Я успел сжать кулак и вцепиться в его рубашку, прежде чем он рухнул на меня. Мои руки дрожали под его весом, а вторая все еще обхватывала рукоятку ножа.
Глаза отца оставались открытыми, но я знал, что он больше не жив. Его душа уже улетела. И я, наконец, понял, что он имел в виду, когда говорил, что души бесценны.
Чувства возвращались одно за другим, просачиваясь, как дождь.
Сначала слух.
— Там есть кто-нибудь еще?
— Ребенок.
— Живой?
— Черт... Сомневаюсь. Этот грузовик на полной скорости врезался прямо в них. У них не было шансов.
И тут у меня заныла кожа.
Отец был холодным.
Очень холодным.
Слишком холодным.
Я знал, что это значит.
Кусочек его плоти оттаял от лица и упал мне на грудь. Если он и был горячим, то я этого не чувствовал.
Я весь дрожал, зажмурив глаза, борясь с желчью, поднимающейся к горлу, мой желудок все еще был крепко стиснут.
Слезь с меня.
Я не хочу чувствовать твою смерть.
Я не хочу чувствовать, и точка.
Наконец-то я смог говорить.
— Жив, — прохрипел я, слыша, как люди стонут, рычат, кричат, пытаясь перевернуть машину в вертикальное положение. — Я жив.
Но я не чувствовал себя таковым.
— Держись, приятель, — раздался голос. — Мы достанем тебя.

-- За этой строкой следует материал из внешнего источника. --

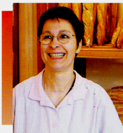
Violette Salut Boulangerie Salut Voisine de L'espace Garonne

À l'image de ces bâtiments publics, un beau parc, public lui aussi et probablement agrémenté d'une pièce d'eau, viendra compléter le dispositif vert de ce quartier des Sept Deniers qui borde la route de Blagnac et tient son nom de la somme, sept deniers, dont il fallait, il y a bien longtemps, s'acquitter pour pénétrer dans la ville.

Это займет некоторое время, хорошо?
— Хорошо.
Не хорошо.
Не было ничего хорошего.
Я зажал рот, слушая их разговор.
— Подожди. Разве это не...?
— Да. Бо Сан. Бо Сан. — Тишина. — Иисус, блядь, Христос.
— Он...?
— Им придется вытащить его, прежде чем они смогут добраться до ребенка. Он налетел на грабли через расплавленный металл.
— Черт побери. Бедный ребенок.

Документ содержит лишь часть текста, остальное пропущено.